Having had quite a lot of fun with the last five minute geology session, and having a rather dramatic lack of time to actually write about geology, I thought we'd do another. My Facebook friends are an endless font of prompts. This time, they sorted themselves loosely in a fire and ice theme, with a bit of iron thrown in.
Steven Raine: Maars
Maars are some of the most awesome volcanoes of all time. They basically look like meteor craters, but they're entirely earth-made. They're what happen when you get an eruption through groundwater.
I had no idea they even existed before I started traipsing through Oregon with Lockwood DeWitt and he took us to see Hole-in-the-Ground, which is an absolutely marvelous maar out in the middle of nowhere. It's just a perfect bowl-shaped crater that you'd swear was created by a meteorite. But nope. Purely local. That area of Oregon is pocked with all sorts of volcanic landforms caused by volcanoes doing really odd things in the Pleistocene.

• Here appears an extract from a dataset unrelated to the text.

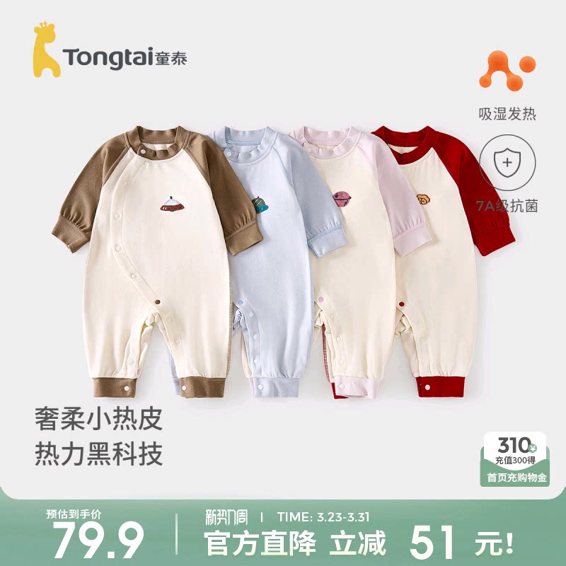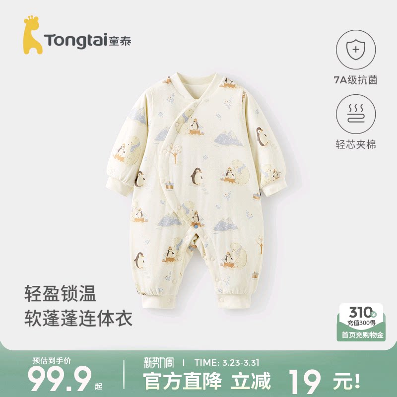 童泰婴儿连体衣秋冬季纯棉夹棉男女宝宝衣服新生儿棉哈衣爬服睡衣

See, back then, that part of Oregon was covered in shallow lakes. Shallow water + volcanism = neato formations!
I later found out there are maars in Arizona, which both delighted and saddened me. I haven't been back to see them since I left home. Knowing I was within easy driving distance of a whole different type of volcano, but never saw it, makes me itch to go back home. Which I will, because you all need to visit the San Francisco Volcanic Field with me at a time when I have a camera capable enough to do it justice.
If you get a chance to go see a maar, absolutely do. And report back!
Jay Sinclair: Banded Iron Formation
Banded Iron Formations, or BIFs for short, are some of the weirdest and most wonderful geological formations on earth. They're one of those wild things from our past: the conditions don't exist for them to form today. You need a lot of iron and not so much oxygen so you don't end up with mere rust.
I'm fuzzy on the specifics, but not fuzzy at all on how lovely they are. Banded iron formations created some of the most intriguing rocks on earth. I haven't been able to see those massive deposits in the field, but I have seen hand samples, and they are wonderful. The colors and the patterns aren't usually ostentatious, but they're quite beautiful.
BIFs gave Lockwood's kitty his name. You can see the resemblance!
Tommy Thompson: Gneiss. Very gneiss.
Gneiss IS very nice! I love metamorphic rocks of all sort, but gneiss is in a class of its own: it's one of the first I was able to reliably recognize in the wild.
Gneiss is a streaky rock that can form either from sedimentary rocks or igneous ones. It forms under the roots of mountains, mostly, where temperatures and pressures are mind-boggling.
My favorite gneiss is, happily, one that can be found in abundance quite nearby: orthogneiss. It's a salt-and-pepper colored rock that is unbelievably shiny on fresh surfaces. Enormous dark biotite and hornblende crystals gleam and twinkle like little shards of midnight captured in stone. It's easy to recognize in the field: in addition to being a dramatic, glittery black and white, it's got a very distinct pattern. Look at it from the side, and the black minerals are long streaks. Look at it head-on, and the streaks turn into points. This is an excellent rock to start new geologists on!
Susan Algren Van Sant: Moraine
Moraines! These are things I barely knew existed back in Arizona, although if I'd spent more time on the San Francisco Peaks, I could have gotten to know one.
Moraines are some of the best glacial features of all time, in my opinion. You may be partial to U-shaped valleys and other dramatic features carved from the ice, but I adore these gargantuan piles of rubble. Have you seen how they form? Just a bunch of debris carried along and arranged by the ice, and left behind when the ice melts.
There are a few different types of moraine, and each one can tell you things about a glacier long vanished. There are lateral moraines, which form alongside the glacier. There are medial moraines, which form down the middle. And there are terminal moraines, which are deposited at the end of the glacier. We know a lot about where Pleistocene ice sheets went and what their extent was by the moraines they left behind.
They are also immense sources of quality sand and gravel for construction purposes, so they can be commercially important. The largest ones form lovely local hills, and in generally flat areas like Illinois and Indiana, may be the only appreciable elevation for miles around. Large or small, long or short, along or across, moraines are some of the neatest glacial geology ever!